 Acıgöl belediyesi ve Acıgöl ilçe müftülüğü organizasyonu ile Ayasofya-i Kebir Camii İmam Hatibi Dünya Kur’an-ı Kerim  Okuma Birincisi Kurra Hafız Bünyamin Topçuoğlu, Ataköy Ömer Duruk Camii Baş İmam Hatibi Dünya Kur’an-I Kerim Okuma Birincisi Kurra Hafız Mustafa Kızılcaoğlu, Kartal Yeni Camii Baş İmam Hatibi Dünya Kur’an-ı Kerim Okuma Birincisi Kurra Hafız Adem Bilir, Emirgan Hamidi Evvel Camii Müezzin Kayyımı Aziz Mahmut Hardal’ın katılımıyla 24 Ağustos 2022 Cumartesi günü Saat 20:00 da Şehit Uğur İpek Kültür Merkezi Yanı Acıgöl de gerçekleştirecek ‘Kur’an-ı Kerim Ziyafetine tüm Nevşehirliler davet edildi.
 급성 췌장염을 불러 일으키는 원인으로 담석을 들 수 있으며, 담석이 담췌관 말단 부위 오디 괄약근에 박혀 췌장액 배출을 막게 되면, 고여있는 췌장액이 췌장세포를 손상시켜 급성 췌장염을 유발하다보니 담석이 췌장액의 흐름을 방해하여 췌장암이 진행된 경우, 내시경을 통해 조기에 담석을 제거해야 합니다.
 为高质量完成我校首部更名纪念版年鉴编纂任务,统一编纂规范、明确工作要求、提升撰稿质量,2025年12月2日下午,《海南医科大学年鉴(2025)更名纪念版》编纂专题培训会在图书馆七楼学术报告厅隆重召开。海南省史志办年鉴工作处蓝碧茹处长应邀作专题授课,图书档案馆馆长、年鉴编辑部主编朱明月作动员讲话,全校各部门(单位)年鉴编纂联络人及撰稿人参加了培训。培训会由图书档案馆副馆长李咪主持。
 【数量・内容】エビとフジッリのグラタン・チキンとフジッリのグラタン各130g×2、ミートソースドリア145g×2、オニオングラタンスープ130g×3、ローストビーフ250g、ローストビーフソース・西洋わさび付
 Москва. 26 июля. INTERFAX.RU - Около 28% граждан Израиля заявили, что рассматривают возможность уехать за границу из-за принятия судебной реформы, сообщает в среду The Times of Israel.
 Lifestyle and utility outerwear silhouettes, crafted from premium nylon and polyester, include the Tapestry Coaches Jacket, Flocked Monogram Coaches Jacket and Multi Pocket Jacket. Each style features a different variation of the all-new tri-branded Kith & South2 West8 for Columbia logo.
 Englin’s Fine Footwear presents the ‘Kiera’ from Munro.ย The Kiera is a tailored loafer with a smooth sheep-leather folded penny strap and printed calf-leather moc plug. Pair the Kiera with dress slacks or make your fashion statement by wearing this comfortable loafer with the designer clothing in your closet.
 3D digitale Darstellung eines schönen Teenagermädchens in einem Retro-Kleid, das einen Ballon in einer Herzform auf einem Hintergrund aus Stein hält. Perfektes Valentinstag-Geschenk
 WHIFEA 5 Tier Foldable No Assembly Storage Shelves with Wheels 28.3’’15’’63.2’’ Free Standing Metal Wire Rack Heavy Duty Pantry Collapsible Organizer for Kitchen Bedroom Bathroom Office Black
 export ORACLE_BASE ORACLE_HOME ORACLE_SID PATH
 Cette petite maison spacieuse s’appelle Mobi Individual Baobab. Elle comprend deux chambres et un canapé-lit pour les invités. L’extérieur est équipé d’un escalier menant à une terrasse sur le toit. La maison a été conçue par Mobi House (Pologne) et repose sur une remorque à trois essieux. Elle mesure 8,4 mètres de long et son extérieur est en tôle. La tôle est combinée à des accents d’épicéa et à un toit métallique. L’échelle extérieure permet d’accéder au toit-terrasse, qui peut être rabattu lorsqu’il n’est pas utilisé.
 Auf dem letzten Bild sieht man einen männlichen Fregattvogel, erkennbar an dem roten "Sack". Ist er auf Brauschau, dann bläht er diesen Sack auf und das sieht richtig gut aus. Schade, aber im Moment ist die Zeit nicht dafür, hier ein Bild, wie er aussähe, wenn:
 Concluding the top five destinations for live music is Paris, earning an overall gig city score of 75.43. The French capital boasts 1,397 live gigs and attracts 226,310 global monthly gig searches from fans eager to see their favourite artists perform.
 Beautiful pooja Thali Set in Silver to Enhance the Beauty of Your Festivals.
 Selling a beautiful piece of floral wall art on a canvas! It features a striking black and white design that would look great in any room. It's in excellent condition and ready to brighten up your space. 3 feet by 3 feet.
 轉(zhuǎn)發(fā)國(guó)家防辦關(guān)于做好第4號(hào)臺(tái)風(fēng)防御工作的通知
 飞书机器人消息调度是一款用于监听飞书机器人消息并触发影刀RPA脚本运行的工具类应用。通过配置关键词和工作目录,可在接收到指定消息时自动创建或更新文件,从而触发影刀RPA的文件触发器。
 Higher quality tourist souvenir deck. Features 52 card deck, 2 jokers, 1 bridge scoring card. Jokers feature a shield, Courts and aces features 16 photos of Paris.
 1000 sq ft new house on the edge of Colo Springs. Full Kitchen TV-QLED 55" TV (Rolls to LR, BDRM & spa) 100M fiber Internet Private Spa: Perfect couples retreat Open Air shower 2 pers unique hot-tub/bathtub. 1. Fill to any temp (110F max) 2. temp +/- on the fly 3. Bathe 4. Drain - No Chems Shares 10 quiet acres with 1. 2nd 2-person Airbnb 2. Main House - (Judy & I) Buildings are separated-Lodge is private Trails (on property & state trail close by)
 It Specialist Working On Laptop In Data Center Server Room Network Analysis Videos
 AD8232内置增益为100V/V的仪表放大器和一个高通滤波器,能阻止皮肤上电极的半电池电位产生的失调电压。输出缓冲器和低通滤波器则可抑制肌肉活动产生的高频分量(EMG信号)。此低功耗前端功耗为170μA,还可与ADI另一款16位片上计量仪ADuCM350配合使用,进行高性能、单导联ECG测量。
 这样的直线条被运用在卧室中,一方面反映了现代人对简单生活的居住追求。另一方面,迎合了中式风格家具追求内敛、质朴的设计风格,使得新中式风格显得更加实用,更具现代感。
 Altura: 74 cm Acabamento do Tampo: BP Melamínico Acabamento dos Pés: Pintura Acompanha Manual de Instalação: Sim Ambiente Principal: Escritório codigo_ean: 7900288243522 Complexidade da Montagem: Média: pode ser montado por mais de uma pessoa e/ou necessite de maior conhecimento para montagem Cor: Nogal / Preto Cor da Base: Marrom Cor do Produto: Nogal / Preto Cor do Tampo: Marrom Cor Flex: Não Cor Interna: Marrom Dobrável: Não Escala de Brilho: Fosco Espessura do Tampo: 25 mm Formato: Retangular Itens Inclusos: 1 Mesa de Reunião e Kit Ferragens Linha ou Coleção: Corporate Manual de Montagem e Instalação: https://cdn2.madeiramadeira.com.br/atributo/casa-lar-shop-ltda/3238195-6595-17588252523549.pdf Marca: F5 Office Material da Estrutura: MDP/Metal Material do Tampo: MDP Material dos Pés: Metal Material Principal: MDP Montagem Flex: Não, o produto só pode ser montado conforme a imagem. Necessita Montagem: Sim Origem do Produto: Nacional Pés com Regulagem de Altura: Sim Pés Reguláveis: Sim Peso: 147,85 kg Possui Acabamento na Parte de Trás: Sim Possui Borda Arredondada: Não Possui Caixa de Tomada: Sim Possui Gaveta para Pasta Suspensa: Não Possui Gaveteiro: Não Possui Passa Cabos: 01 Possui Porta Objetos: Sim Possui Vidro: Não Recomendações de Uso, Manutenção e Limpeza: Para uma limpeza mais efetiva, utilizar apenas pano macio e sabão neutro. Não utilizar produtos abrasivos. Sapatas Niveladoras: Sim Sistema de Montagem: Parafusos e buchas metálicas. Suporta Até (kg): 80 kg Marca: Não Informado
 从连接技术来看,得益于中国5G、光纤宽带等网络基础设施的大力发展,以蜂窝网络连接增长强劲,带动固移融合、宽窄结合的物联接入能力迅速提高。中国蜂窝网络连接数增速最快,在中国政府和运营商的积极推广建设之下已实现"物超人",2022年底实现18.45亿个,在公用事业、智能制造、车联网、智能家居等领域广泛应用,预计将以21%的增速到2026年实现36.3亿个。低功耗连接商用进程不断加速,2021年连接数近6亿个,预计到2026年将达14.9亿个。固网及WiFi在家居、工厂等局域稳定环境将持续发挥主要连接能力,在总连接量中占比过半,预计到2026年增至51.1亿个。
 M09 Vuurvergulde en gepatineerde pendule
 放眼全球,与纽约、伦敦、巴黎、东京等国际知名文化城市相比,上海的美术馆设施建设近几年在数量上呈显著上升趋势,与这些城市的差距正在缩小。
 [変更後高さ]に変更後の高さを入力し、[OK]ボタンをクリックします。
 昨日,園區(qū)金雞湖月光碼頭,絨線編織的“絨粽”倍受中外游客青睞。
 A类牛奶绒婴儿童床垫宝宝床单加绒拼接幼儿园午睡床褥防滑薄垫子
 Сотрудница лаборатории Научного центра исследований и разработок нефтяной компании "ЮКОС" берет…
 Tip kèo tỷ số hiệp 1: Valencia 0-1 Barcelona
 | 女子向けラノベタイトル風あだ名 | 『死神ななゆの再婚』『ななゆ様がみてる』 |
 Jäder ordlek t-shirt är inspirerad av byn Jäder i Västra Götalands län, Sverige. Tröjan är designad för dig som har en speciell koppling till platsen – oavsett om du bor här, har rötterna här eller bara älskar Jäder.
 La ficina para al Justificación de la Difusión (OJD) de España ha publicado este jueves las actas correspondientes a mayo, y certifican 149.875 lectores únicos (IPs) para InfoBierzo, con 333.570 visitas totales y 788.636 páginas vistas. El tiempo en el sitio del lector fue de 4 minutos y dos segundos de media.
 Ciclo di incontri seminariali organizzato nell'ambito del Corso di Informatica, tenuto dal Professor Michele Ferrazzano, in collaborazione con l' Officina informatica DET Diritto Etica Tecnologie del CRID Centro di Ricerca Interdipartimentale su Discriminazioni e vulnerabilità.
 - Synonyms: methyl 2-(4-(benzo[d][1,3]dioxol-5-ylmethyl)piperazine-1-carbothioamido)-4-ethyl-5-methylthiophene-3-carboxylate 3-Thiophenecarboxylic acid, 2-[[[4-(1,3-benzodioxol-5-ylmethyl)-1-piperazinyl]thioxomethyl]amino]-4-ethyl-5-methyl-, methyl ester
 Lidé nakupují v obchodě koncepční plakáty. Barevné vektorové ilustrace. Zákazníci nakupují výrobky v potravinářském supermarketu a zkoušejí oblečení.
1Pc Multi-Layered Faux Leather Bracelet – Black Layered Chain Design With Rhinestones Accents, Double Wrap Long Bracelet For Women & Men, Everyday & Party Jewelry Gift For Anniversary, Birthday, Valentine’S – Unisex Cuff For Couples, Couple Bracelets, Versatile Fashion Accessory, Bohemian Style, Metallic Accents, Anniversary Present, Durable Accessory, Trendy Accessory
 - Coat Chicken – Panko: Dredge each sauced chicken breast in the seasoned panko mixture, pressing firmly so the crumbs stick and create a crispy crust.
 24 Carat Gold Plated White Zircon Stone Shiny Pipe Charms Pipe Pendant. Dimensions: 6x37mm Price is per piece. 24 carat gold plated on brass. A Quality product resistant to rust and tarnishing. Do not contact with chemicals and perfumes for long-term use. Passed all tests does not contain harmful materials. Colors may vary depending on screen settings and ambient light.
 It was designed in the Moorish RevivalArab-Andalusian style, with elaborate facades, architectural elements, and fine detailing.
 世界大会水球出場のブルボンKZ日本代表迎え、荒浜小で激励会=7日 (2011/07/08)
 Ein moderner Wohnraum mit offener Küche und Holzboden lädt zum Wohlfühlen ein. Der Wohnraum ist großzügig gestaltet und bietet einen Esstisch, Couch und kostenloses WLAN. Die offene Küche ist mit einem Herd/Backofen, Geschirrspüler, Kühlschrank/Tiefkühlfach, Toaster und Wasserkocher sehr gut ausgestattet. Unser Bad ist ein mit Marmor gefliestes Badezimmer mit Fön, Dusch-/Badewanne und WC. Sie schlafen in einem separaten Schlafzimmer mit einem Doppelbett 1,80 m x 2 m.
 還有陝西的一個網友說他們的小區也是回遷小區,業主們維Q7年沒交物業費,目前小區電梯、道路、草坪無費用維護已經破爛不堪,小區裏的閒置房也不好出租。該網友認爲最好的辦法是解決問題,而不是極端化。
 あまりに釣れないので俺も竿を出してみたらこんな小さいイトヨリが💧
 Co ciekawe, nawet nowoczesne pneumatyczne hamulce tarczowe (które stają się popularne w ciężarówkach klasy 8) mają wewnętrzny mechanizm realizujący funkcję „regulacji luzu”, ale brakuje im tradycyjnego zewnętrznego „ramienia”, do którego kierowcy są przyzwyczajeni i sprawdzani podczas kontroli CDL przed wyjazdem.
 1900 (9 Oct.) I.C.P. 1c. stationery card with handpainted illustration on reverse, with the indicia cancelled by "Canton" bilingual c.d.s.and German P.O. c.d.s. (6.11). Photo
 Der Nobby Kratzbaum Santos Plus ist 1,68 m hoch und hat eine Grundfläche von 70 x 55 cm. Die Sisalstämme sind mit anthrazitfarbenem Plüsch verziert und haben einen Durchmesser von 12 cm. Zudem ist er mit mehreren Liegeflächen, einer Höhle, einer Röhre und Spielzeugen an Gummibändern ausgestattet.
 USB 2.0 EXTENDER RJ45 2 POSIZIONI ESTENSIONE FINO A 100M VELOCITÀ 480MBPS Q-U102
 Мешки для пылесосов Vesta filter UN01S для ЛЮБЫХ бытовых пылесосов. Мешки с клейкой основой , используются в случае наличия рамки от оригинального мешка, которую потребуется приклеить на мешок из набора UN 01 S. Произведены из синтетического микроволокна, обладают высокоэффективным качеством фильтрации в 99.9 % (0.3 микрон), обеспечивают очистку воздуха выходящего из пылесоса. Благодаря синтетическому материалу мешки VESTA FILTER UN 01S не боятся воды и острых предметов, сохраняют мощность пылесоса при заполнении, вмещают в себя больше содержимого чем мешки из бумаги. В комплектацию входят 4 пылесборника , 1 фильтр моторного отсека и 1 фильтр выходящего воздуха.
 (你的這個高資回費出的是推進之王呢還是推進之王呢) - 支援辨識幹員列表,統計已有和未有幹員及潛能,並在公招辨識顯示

**REQUIRED ACTION**: Which lines of the data contain "features"? Copy them all.

**REPLY**:
 Lifestyle and utility outerwear silhouettes, crafted from premium nylon and polyester, include the Tapestry Coaches Jacket, Flocked Monogram Coaches Jacket and Multi Pocket Jacket. Each style features a different variation of the all-new tri-branded Kith & South2 West8 for Columbia logo.
 Selling a beautiful piece of floral wall art on a canvas! It features a striking black and white design that would look great in any room. It's in excellent condition and ready to brighten up your space. 3 feet by 3 feet.
 Higher quality tourist souvenir deck. Features 52 card deck, 2 jokers, 1 bridge scoring card. Jokers feature a shield, Courts and aces features 16 photos of Paris.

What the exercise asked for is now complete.